@doug We talk about that a fair bit in the podcast episode

I think the key to this is that it's actually quite difficult to use this stuff effectively - because it lays SO MANY traps for you, there are so many examples of things that it will get blatantly wrong, often in very convincing ways

Once you learn how to side-step those traps it becomes amazingly productive - but that takes quite a lot of effort

@simon @doug having to learn how to sidestep problems doesn’t sound like much of an endorsement. Indeed it sounds very much like it adds new problems. It seems remarkably unhelpful to add problems that require deep expertise to sidestep.

@slott56 @doug Right: if someone tells you "LLMs are easy! They'll give you a huge productivity boost right out of the gate" then that person is misleading you

My message is "LLMs are surprisingly difficult to use. I have managed to get enormous productivity boosts after investing a lot of effort in learning how to use them effectively."

@slott56 @doug LLMs are a chainsaw disguised as a pair of scissors
@simon @slott56 @doug this is an argument I’ve been trying to make for using them as a productivity tool for technical writers, but instead people want chatbots that surface the synthetic text directly to end users without a human in the loop. I’m all please let’s not hand chainsaws to readers to make custom furniture. Let’s use chainsaws to make furniture faster so we can offer more kinds. (This anology has become strained. As a specific example, by custom furniture I mean code samples with annotations. By more kinds I mean code samples in more languages. )
@simon @slott56 @doug LLMs are a 3cm star key with four universal joints and a finicky electric drill attached. They can be used for very specific tasks with a lot of work and careful monitoring.
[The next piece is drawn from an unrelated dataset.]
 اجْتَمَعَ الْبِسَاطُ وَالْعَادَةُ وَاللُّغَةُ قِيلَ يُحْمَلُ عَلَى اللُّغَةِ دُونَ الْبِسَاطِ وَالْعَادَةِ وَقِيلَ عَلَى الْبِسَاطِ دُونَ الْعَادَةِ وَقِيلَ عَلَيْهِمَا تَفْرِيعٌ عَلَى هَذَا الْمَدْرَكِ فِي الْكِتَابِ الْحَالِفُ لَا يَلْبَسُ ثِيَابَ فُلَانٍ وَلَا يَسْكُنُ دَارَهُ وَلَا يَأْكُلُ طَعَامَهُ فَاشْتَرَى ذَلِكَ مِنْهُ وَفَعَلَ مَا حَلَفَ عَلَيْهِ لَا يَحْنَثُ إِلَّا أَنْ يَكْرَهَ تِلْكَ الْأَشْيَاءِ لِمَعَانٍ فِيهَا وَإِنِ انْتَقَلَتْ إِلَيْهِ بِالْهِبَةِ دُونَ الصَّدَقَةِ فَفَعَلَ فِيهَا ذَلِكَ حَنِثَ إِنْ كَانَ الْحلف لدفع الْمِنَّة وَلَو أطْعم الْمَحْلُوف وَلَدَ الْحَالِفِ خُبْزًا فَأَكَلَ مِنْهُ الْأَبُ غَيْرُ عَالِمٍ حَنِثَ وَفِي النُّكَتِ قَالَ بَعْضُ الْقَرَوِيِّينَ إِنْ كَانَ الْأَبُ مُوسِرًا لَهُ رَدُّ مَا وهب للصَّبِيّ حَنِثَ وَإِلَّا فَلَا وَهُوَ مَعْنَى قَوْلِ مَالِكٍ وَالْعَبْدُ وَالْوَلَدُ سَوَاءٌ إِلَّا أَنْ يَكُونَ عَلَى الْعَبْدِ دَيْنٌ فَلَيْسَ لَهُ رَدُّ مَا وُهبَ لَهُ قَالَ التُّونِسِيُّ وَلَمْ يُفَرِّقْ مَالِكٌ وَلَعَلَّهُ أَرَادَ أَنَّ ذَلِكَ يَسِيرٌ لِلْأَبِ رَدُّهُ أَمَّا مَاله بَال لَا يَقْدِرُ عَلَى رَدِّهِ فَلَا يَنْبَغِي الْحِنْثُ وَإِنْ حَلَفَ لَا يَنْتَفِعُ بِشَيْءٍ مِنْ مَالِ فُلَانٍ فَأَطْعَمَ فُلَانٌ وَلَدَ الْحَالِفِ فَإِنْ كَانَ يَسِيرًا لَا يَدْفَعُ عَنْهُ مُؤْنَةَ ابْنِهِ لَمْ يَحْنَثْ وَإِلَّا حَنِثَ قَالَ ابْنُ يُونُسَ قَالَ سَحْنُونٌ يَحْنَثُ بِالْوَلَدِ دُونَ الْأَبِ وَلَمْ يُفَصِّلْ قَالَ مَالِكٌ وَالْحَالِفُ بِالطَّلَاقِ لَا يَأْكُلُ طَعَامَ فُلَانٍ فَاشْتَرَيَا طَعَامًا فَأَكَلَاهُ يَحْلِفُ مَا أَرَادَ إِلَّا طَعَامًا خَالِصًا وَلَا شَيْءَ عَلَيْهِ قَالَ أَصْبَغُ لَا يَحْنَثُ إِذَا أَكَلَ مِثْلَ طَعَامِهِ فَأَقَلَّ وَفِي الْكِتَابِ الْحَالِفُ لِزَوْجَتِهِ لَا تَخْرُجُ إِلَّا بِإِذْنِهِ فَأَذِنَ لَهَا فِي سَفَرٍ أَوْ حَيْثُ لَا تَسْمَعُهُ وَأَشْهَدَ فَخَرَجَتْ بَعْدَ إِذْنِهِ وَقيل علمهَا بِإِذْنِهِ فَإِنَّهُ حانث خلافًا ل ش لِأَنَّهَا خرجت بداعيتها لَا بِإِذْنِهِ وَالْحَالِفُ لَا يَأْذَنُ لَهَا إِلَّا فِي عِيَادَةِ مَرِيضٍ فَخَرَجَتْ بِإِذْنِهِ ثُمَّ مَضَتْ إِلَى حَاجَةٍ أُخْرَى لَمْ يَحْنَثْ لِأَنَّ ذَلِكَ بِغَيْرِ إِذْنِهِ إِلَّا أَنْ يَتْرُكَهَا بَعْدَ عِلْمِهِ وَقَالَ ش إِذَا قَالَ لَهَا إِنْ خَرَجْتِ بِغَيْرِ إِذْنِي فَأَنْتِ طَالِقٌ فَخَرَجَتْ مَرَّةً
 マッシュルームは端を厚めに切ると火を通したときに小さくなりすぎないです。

It has no place on the public internet, or for generating content. If you have an analysis use case where it can generate domain specific insights from data, have at it, but you’d best double check the results.
@simon @slott56 @doug can’t think of a single situation where I’d choose scissors over a chainsaw

@simon @doug the large investment path isn’t as terrifying as having to sidestep problems. I want to focus on the fact that it introduces problems that require deep expertise to side-step. That’s daunting.
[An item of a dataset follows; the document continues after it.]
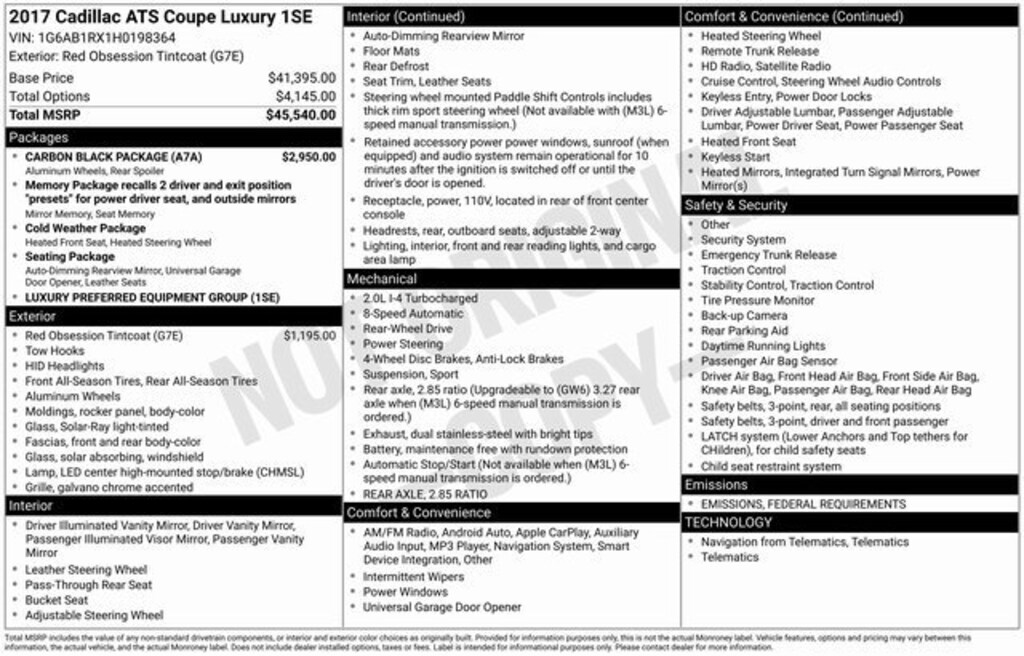 INCLUDES WARRANTY, 2.85 Rear Axle Ratio, 4-Wheel Disc Antilock Brembo Fr Performance Brakes, Black Chrome Grille, Bluetooth For Phone/Audio, Body-Colored Door Handles, Bose Premium Surround Sound 12-Speaker System, Cadillac CUE & Navigation, Carbon Black Package, Cold Weather Package, Dark Finish Exterior Content, Electronic Sound Enhancer Noise Control, Heated Driver & Front Passenger Seats, Heated Steering Wheel Rim, Leather w/Sueded Microfiber Inserts & Seatbacks, Luxury Equipment Group 1SE, Navigation System, Rear Spoiler, Recaro Performance Seats, SiriusXM & HD Audio System, Wheels: 18 After Midnight Dark Finish Alloy, Wireless Charging, 110V Power Receptacle, 12 Speakers, 18 x 8 Painted Alloy Wheels, 4-Wheel Disc Brakes, ABS brakes, Air Conditioning, Alloy wheels, AM/FM radio: SiriusXM, Apple CarPlay/Android Auto, Auto-dimming door mirrors, Auto-dimming Rear-View mirror, Automatic temperature control, Brake assist, Bumpers: body-color, Compass, Delay-off headlights, Driver door bin, Driver vanity mirror, Dual front impact airbags, Dual front side impact airbags, Electronic Stability Control, Emergency communication system, Exterior Parking Camera Rear, Four wheel independent suspension, Front anti-roll bar, Front Bucket Seats, Front Center Armrest, Front dual zone A/C, Front reading lights, Fully automatic headlights, Garage door transmitter, Heated door mirrors, Heated front seats, Heated steering wheel, High-Intensity Discharge Headlights, Illuminated entry, Knee airbag, Leather Seating Surfaces, Leather Shift Knob, Low tire pressure warning, Memory seat, Occupant sensing airbag, Outside temperature display, Overhead airbag, Overhead console, Panic alarm, Passenger door bin, Passenger vanity mirror, Performance Seats, Power door mirrors, Power driver seat, Power passenger seat, Power steering, Power windows, Radio data system, Radio: Cadillac CUE Info/Media Ctrl w/Embedded Nav, Rear anti-roll bar, Rear reading lights, Rear Vision Camera, Rear window defroster, Remote keyless entry, Speed control, Speed-sensing steering, Split folding rear seat, Sport steering wheel, Steering wheel mounted audio controls, Tachometer, Telescoping steering wheel, Tilt steering wheel, Traction control, Trip computer, Turn signal indicator mirrors, Variably intermittent wipers, Voltmeter, 2.85 Rear Axle Ratio, 4-Wheel Disc Antilock Brembo Fr Performance Brakes, Black Chrome Grille, Bluetooth For Phone/Audio, Body-Colored Door Handles, Bose Premium Surround Sound 12-Speaker System, Cadillac CUE & Navigation, Carbon Black Package, Cold Weather Package, Dark Finish Exterior Content, Electronic Sound Enhancer Noise Control, Heated Driver & Front Passenger Seats, Heated Steering Wheel Rim, Leather w/Sueded Microfiber Inserts & Seatbacks, Luxury Equipment Group 1SE, Navigation System, Rear Spoiler, Recaro Performance Seats, SiriusXM & HD Audio System, Wheels: 18 After Midnight Dark Finish Alloy, Wireless Charging.

Folks get incredible productivity gains from the pomodoro method and don’t have to stidestep subtle, difficult-to-even-identify problems.
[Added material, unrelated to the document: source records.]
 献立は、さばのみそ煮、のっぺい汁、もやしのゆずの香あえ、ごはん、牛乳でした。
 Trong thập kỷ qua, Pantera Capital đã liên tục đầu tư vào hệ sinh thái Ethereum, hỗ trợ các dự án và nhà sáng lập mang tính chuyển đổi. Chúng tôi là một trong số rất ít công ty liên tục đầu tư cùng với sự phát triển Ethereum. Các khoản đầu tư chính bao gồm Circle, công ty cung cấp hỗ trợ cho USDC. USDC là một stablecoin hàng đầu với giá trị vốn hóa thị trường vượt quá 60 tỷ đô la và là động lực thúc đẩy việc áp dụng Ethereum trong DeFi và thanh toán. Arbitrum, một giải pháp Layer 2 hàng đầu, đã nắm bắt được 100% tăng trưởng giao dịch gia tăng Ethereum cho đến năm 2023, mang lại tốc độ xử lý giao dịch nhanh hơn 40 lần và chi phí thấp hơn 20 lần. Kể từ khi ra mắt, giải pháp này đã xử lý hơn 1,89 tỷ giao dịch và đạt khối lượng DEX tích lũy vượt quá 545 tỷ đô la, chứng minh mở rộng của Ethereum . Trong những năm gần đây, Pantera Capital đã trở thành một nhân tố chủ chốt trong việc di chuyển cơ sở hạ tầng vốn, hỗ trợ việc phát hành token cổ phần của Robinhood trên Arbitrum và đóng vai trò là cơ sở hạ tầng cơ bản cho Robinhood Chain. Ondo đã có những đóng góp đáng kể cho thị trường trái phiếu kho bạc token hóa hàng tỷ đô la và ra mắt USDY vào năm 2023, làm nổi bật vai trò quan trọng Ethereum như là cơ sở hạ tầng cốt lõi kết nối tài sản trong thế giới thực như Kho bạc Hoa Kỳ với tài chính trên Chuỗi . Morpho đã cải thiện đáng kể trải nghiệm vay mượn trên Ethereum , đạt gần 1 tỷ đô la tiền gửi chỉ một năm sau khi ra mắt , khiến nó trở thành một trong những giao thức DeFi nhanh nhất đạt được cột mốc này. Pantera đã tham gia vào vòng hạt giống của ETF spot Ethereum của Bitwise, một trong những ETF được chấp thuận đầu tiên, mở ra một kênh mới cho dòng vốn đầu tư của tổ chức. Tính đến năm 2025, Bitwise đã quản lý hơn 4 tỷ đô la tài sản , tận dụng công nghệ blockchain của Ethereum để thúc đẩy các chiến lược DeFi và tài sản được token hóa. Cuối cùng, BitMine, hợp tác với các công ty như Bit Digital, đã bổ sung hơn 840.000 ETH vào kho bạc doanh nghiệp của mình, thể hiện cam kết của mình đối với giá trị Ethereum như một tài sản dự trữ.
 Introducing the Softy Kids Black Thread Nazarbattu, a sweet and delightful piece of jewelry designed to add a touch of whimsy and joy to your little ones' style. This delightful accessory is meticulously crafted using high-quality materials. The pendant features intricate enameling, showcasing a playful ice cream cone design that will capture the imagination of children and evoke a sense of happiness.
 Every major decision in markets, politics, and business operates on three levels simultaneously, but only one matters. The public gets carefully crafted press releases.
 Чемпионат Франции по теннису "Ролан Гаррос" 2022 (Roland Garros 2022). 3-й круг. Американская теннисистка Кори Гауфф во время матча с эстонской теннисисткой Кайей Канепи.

@slott56 @doug I'm increasingly seeing evidence that convinces me that it helps, rather than hurts, new programmers - some notes on that here: https://simonwillison.net/2023/Sep/29/llms-podcast/#does-it-help-or-hurt-new-programmers
Talking Large Language Models with Rooftop Ruby

I’m on the latest episode of the Rooftop Ruby podcast with Collin Donnell and Joel Drapper, talking all things LLM. Here’s a full transcript of the episode, which I generated …

@simon @doug the presence of ethical rules is troubling, also.

There are now two layers of ethical considerations: (1) should this even be done with computers? And now, this new, murky realm of (2) is the code or documentation produced by an ethical and trustworthy tool.

It’s introduced yet another problem.